• Brief
Please copy the data below exactly; none of the pictures in it belong in the copy.

• Data shown
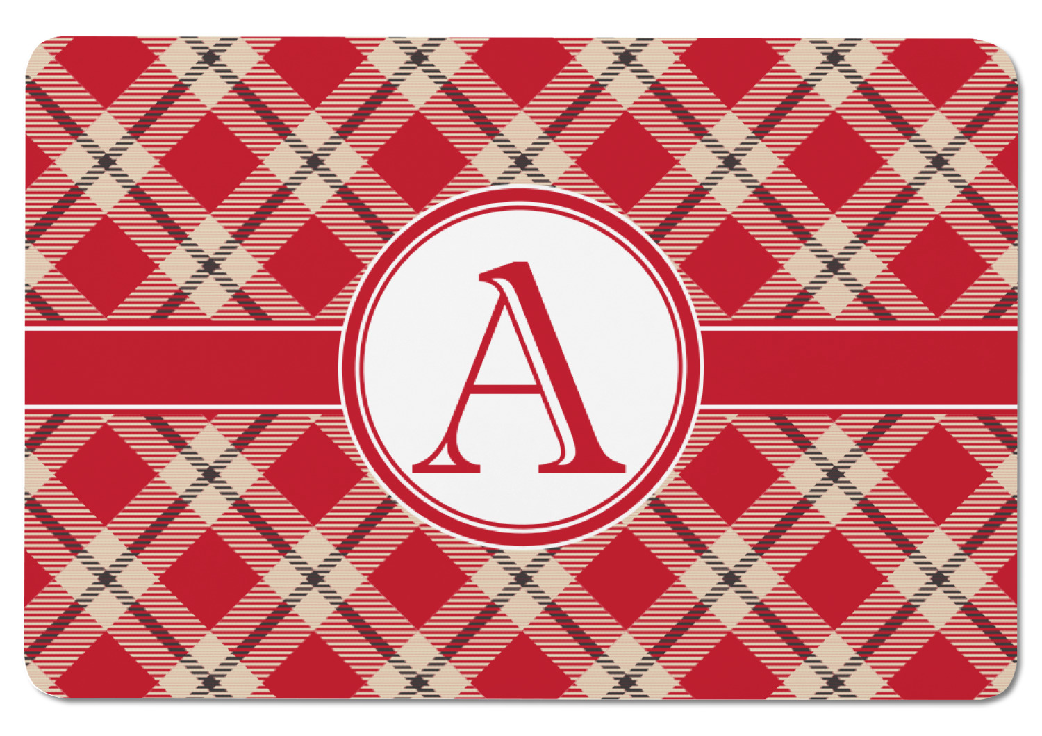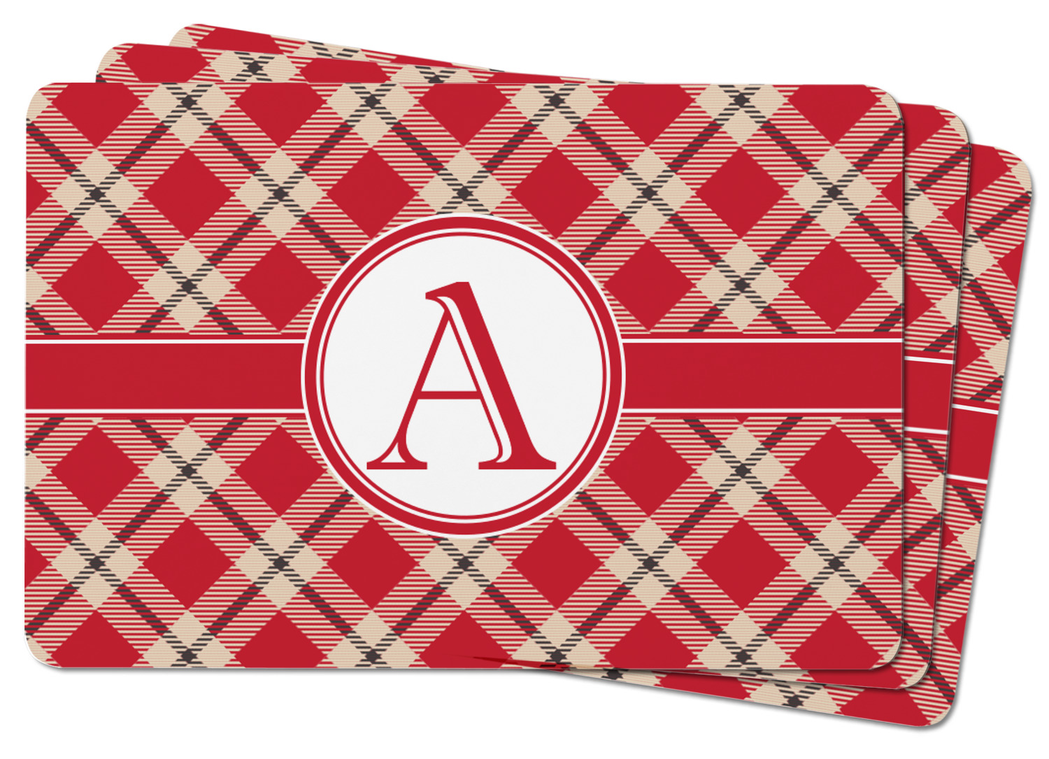 For our design, we chose a simple plaid; we chose red & tan to create a unisex palette and used dark grey for our accent color. We also chose the classic ribbon and round label with an elegant initial for our very simple, yet elegant personalization.
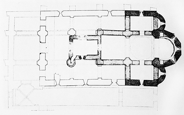 La presencia del atrio y su extensión al nártex de los pies es perfectamente visible en esta planta del edificio. Fue publicada por Íñiguez en el primer volumen del Arte Medieval Navarro (p. 79) y da cuenta, además de la estructura general del santuario, de los resultados de las excavaciones realizadas durante su restauración. De menor a mayor intensidad de línea, diferenciamos atrio y nártex, las tres naves del templo, y la hipótesis de su configuración primitiva en su mitad oriental. Curiosamente, esta composición más antigua concuerda con los hallazgos realizados recientemente en la ermita de San Esteban de Larunbe.
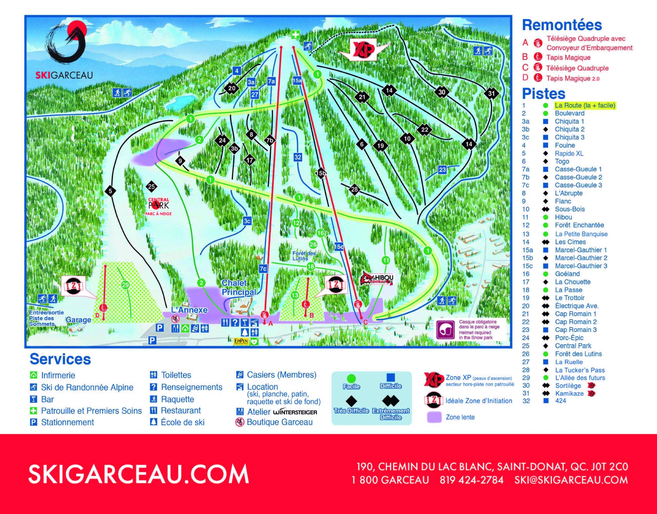 Pistekaart van het skigebied Garceau – Saint-Donat

• Task answer
 For our design, we chose a simple plaid; we chose red & tan to create a unisex palette and used dark grey for our accent color. We also chose the classic ribbon and round label with an elegant initial for our very simple, yet elegant personalization.
 La presencia del atrio y su extensión al nártex de los pies es perfectamente visible en esta planta del edificio. Fue publicada por Íñiguez en el primer volumen del Arte Medieval Navarro (p. 79) y da cuenta, además de la estructura general del santuario, de los resultados de las excavaciones realizadas durante su restauración. De menor a mayor intensidad de línea, diferenciamos atrio y nártex, las tres naves del templo, y la hipótesis de su configuración primitiva en su mitad oriental. Curiosamente, esta composición más antigua concuerda con los hallazgos realizados recientemente en la ermita de San Esteban de Larunbe.
 Pistekaart van het skigebied Garceau – Saint-Donat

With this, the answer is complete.